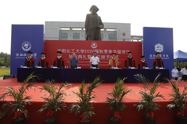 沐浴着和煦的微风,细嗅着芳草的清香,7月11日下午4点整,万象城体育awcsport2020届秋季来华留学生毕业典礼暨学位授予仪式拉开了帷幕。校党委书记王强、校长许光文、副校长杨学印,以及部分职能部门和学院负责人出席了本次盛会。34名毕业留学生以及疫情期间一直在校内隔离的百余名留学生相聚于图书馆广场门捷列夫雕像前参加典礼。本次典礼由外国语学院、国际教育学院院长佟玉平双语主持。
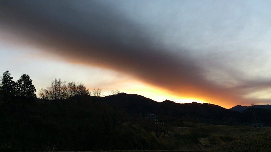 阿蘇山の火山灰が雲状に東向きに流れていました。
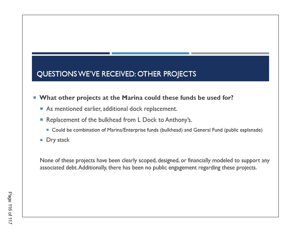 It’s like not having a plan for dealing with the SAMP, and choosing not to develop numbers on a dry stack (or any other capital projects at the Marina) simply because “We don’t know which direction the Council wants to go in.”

· · ·

YOUR ASSIGNMENT >> The required answer is an exact copy of the lines from the one containing "阿蘇山の火山灰が雲状に東向きに流れていました。" through the last line of the material, with the pictures removed.

RESPONSE TO THE EXERCISE >>
 阿蘇山の火山灰が雲状に東向きに流れていました。
 It’s like not having a plan for dealing with the SAMP, and choosing not to develop numbers on a dry stack (or any other capital projects at the Marina) simply because “We don’t know which direction the Council wants to go in.”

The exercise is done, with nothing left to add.